Die U21-Auswahl blieb in der Qualifikation für die EM in Israel ungeschlagen. Trainer Rainer Adrion spricht vor dem Auftakt gegen die Niederlande über die Erwartungshaltung, die politische Lage in Israel und den Ausfall einiger Leistungsträger, die mit dem A-Team in die USA fuhren.
Herr Adrion, wird die EM in Israel Ihr bisheriges Highlight als Trainer?
Rainer Adrion: "Ich würde schon sagen, dass das Turnier auch für mich etwas Besonderes wird. Wir haben in der Qualifikation sehr gut gespielt, sind dort ungeschlagen geblieben, haben viel erlebt. Und jetzt kommt zum Schluss eben der Höhepunkt. Wir haben zwei Jahre auf dieses Turnier hingearbeitet und jetzt freuen wir uns, dass es endlich losgeht."
Wann würden Sie von einem guten Turnier sprechen?
Adrion: "Schwer zu sagen. Natürlich wollen wir Europameister werden, das ist unser Traum. Aber ich will das nicht an einem Tabellenplatz, einem Halbfinale oder einem Endspiel festmachen. Wir wollen Begegnungen gewinnen und attraktiven Fußball zeigen. Auch das zählt."
Fast alle Spieler nennen den Titel als großes Ziel, Sie auch. Woher kommt dieses Selbstbewusstsein?
Adrion: "Unser Kader besteht aus gestandenen Akteuren mit reichlich Erfahrung aus der Bundesliga. Diese Jungs wissen um ihre Qualitäten, und sie wollen Spiele gewinnen. Deswegen spielen wir am Ende schließlich Fußball. Außerdem: Nur acht Mannschaften haben es zur EM geschafft, nur die Elite ist durchgekommen. Das gibt automatisch Selbstbewusstsein."
Ihr Kapitän heißt Lewis Holtby.

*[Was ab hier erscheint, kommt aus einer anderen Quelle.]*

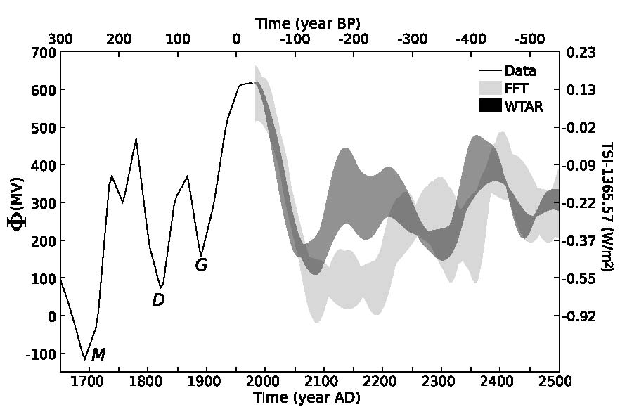 [1] F. Steinhilber and J. Beer, Prediction of solar actibvity for the next 500 years, Jor. Geophys. Res. Space Phys., Vol. 118, 1861-1867 (2013)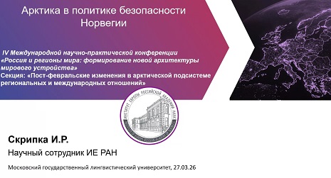 26–27 марта 2026 года научный сотрудник Отдела страновых исследований Института Европы РАН И.Р. Скрипка, младший научный сотрудник Отдела М.Д. Туник и младший научный сотрудник Отдела европейской безопасности Р.Е. Жилин приняли участие в IV международной научно-практической конференции «Россия и регионы мира: формирование новой архитектуры мирового устройства».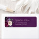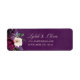 Fleurs romantiques dans les tons riches bordeaux, lilas doux, violet d'aubergine profonde et une paire d'orchidées rosâtre avec des plantes vertes modernes comme les fougères et l'eucalyptus. Un arrière - plan d'aquarelle violet d'aubergine profonde le cravate tout avec une typographie élégante dans ces étiquettes d'adresse de retour romantique.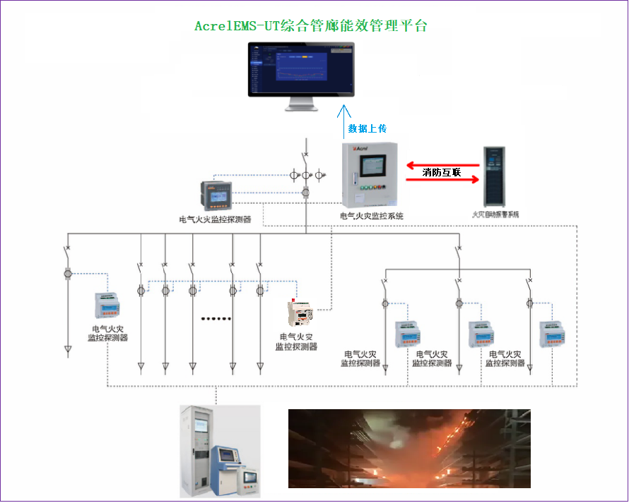 電氣火災監控系統作為火災自動報警系統的預警子系統,由電氣火災監控主機、電氣火災監控單元、剩余電流式電氣火災探測器以及測溫式電氣火災探測器組成,通過現場消防環網和消防總線構成一套完整的預防電氣火災的監控系統,數據可集成至管廊的AcrelEMS-UT能效管理系統并提供預警信號。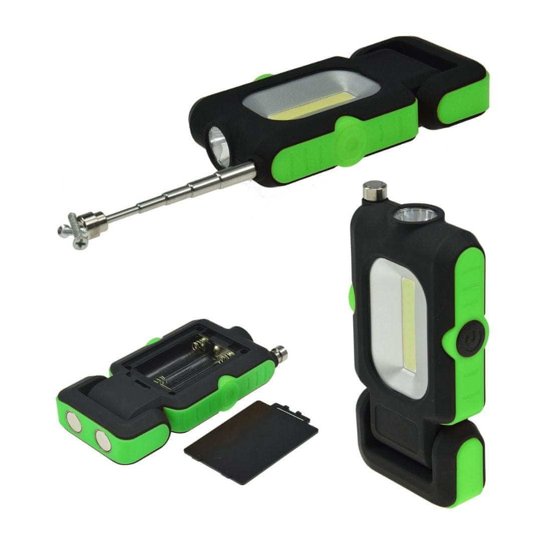 Ta priročna LED delovna svetlka deluje na baterije in je zato neodvisna od električne vtičnice. Nepogrešljiv pripomoček za vse dejavnosti, kjer je potrebna dobra osvetlitev delovnega območja (avtomehaniki, električarji, serviserji,…). Opremljena je z dvema magnetnima držaloma, kar pomeni, da lahko svetilko pritrdite na skoraj vse kovine vrtljivi spoj pa omogoča nastavitev kota svetlobe. Svetilka ima tudi teleskopsko palico z magnetom, ki je uporaben pri pobiranju majhnih vijakov ali drugih kovinskih delov. Poleg zelo svetle 3 W COB LED diode ima izdelek na vrhu tudi 1 W LED svetilko.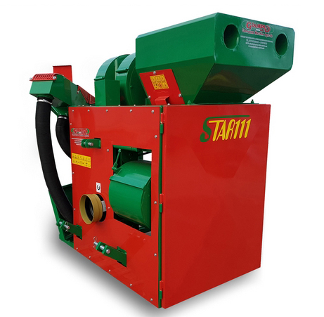El aspirador de frutas secas mod. Star 111 está compuesto por un sistema de aspiración por ventilación y succión con dos tubos de 100 mm de diámetro con una longitud de acuerdo con la legislación vigente. Se adhiere a la tipología de tierra especialmente en campos empinados y tierras no preparadas para la recolección. El funcionamiento de la máquina pasa por el PTO del tractor hace girar un ventilador aspirante que mete en funcionamiento un sistema el desfoliado del producto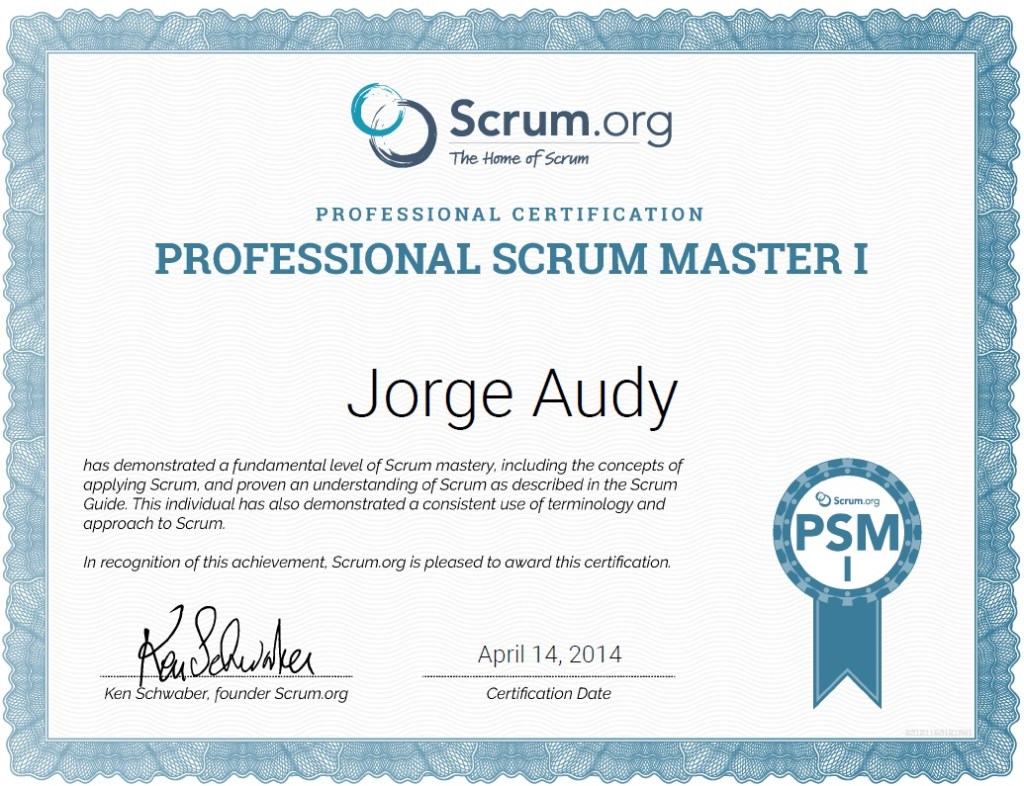 Há alguns anos atrás fui aprovado na PSM I por solicitação da empresa, era importante ter alguma certificação oficial na mão. Optei pela PSM I da Scrum.org ao custo de US$100 na época, pois a Scrum Alliance e PMI eram bem mais caros. De lá para cá o mercado de certificações recebeu de forma consistente a Scrum Study, a EXIM, etc.

Was zeichnet ihn aus?
Adrion: "Lewis hat mit seinem Wechsel nach England noch einmal einen Schritt gemacht, er hat dort noch einmal an Persönlichkeit gewonnen. Er ist ohne Zweifel ein wichtiger Mann, ein Führungsspieler auf und neben dem Platz. Seine fußballerische Qualität ist für uns enorm wichtig, und darüber hinaus ist er wie immer sehr gut gelaunt."
Gib es denn überhaupt eine klare Hierarchie im Team?
Adrion: "Durch die jüngsten Verletzungen ist die Hierarchie leider automatisch etwas flacher geworden, da etablierte Spieler wie Sebastian Jung oder Jan Kirchhoff ausfallen. Dennoch würde ich sagen, dass sich im Laufe der Qualifikation einige Leistungsträger gezeigt haben. Und das macht sich auch auf dem Platz bemerkbar."
Wie schwer wiegen die angesprochenen Verletzungen?
Adrion: "Es gibt leider Umstellungen zu machen. Aber ich sehe das auch als Chance für die anderen Spieler. Ich hätte nichts dagegen, wenn sich einer der Jüngeren plötzlich in den Vordergrund spielen würde."
Gleich zum Auftakt geht es gegen die Niederlande...
Adrion: "Diese Begegnung ist natürlich von großer Bedeutung für uns, es wird direkt ernst. Aber auch Spanien und Russland sind nicht zu unterschätzen. Die Mannschaft muss funktionieren und das im Training Geübte auf dem Platz umsetzen. Das weiß man alles jetzt noch nicht und wird man erst auf dem Rasen sehen. Daher ist natürlich eine Anspannung vorhanden."
Warum sind Spieler wie Julian Draxler, Toni Kroos oder Ilkay Gündogan nicht dabei?
Adrion: "Das war eine gemeinsame Entscheidung mit Joachim Löw. Auch Mario Götze oder Marc-Andre ter Stegen hätten ja noch für uns spielen können. Aber wir haben gemeinsam beschlossen, dass diese Spieler mit der A-Mannschaft die USA-Reise mitmachen. Das war eine konzeptionelle Entscheidung."
Machen Sie sich Sorgen wegen der politischen Lage in Israel?
Adrion: "Natürlich registriere ich das, wir leben ja nicht hinter dem Mond. Als wir im März dort gespielt haben, war es noch relativ ruhig und wir haben nicht viel gemerkt. Jetzt gibt es die Situation mit Syrien. Ich hoffe, dass die Politiker die richtigen Entscheidungen treffen."
Wie geht es mit Ihnen nach der EM weiter?
Adrion: "Mein Vertrag ist um ein Jahr verlängert worden, ab August übernehme ich also die bisherigen U20-Männer von Frank Wormuth. Mit der Mannschaft gehe ich dann in die nächste EM-Qualifikation. Hoffentlich ähnlich erfolgreich wie jetzt."